Luciano Gallet
Victor Hugo Toro regente
Osesp
Gravada em dezembro de 2007 na Sala São Paulo.

Foto: Elder Buck
Em seu livro inacabado intitulado O Banquete, publicado postumamente em 1978, Mário de Andrade dissecava a situação da música brasileira. O banquete realizava-se na residência de uma dama da sociedade paulista, durante a década de 1940. Um dos convidados era o proeminente compositor Janjão, o qual, dentre outras frases lapidares, afirmava o seguinte: “A música brasileira atravessa um período de descoberta e exploração. Desde 1918 que a música brasileira me preocupa. Data daquela época o meu Tango-batuque, de forma embrionária ainda cheia de influências alheias e de realização deficiente.”
Sem sombra de dúvida, o Janjão deste encontro culinário-filosófico é o compositor carioca Luciano Gallet (1893-1931). Falecido precocemente, Gallet deixou uma obra significativa que só agora está sendo redescoberta, graças, entre outros, à iniciativa da Osesp em editar e executar suas peças para orquestra e música de câmara. Mário de Andrade foi durante muitos anos o mentor musical de Luciano Gallet. A relação que se estabeleceu entre ambos tornou possível a realização de um projeto estético na música brasileira, talvez o mais significativo que tivemos. As idéias nacionalistas de Mário de Andrade ressoaram amplamente na obra de Gallet e orientaram também sua postura social e pedagógica: Gallet foi um dos fundadores da Associação Brasileira de Música e diretor do Instituto Nacional de Música.

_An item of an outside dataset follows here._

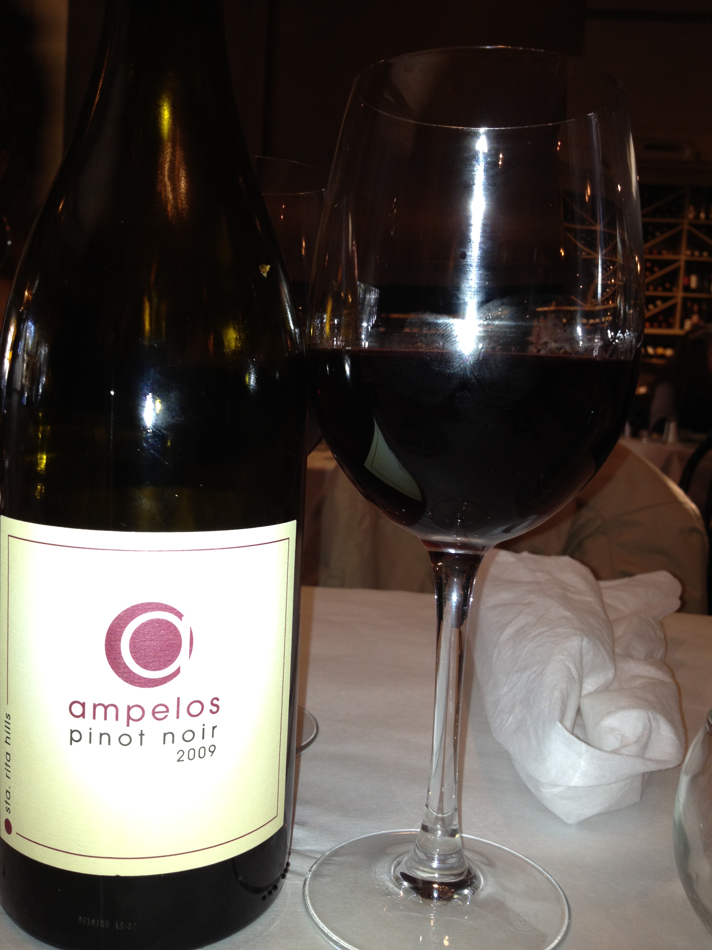 in Los Olivos, which was recently recognized by some sommelier publication for having one of the best restaurant wine lists in the country. This is the place in Sideways where Miles is deadset against having any f**kin’ Merlot. Well, we sided with Miles in ordering a Pinot Noir to share with our meal. I picked a Melville off the list, knowing that Melville makes some of the best Pinots in the county but wasn’t going to fit into our itinerary….when our server informed us that they were completely out of the Melville, they offered us a Pinot by Ampelos (also of the Santa Rita Hills AVA) at their retail store price, without the usual restaurant markup and corkage. I believe we all loved this wine, which had a beautiful garnet color and a lot of cherries on the nose. A noble exemplification of what
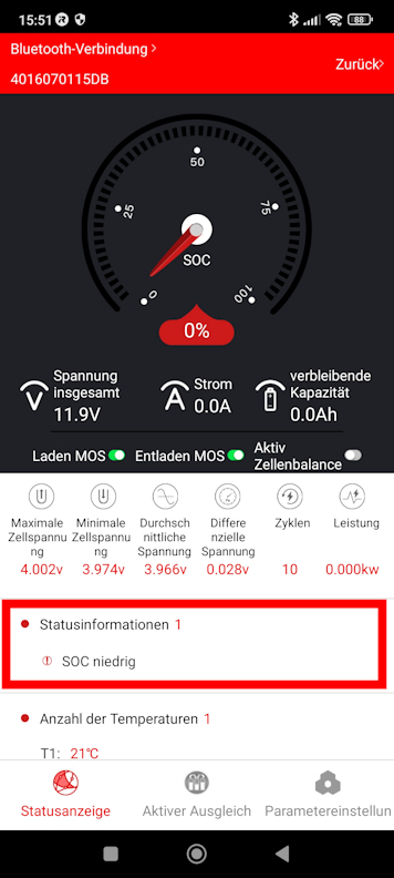 Mein BMS hat also nicht funktioniert, obwohl ich mit dem Bluetooth-Taster und der Überbrückung PIN 6/7, wie beschrieben, gearbeitet habe und die App funktioniert hat.

Em 1918, ao compor o Tango-batuque, Luciano Gallet ainda não havia se lançado ao projeto nacionalista. Diferentes influências estéticas conviviam lado a lado nesta sua obra inicial, heterogênea tanto no uso de materiais quanto na organização dos processos formais. O Tango-batuque apresenta elementos harmônicos e coloridos típicos do impressionismo francês e da música ibérica. Por outro lado, despontam aqui os germes da estética nacionalista, que seria sistematizada posteriormente, sob a tutela de Mário de Andrade. Por exemplo: a escrita para percussão (caixa, chocalhos, prato e bumbo), a rítmica e a melodia sincopada que remete à música dos salões cariocas do início do século XX. Obra breve, o Tango-batuque é a primeira incursão de um jovem compositor de 25 anos no mundo sinfônico. Evocando novamente O Banquete de Mário de Andrade, podemos dizer que a obra é um aperitivo, deixando transparecer a originalidade do pensamento musical deste importantíssimo compositor brasileiro.
Paulo C. Chagas é compositor e professor de composição na Universidade da Califórnia, Riverside (EUA). Em 2004, a Osesp estreou a sua obra Radiância.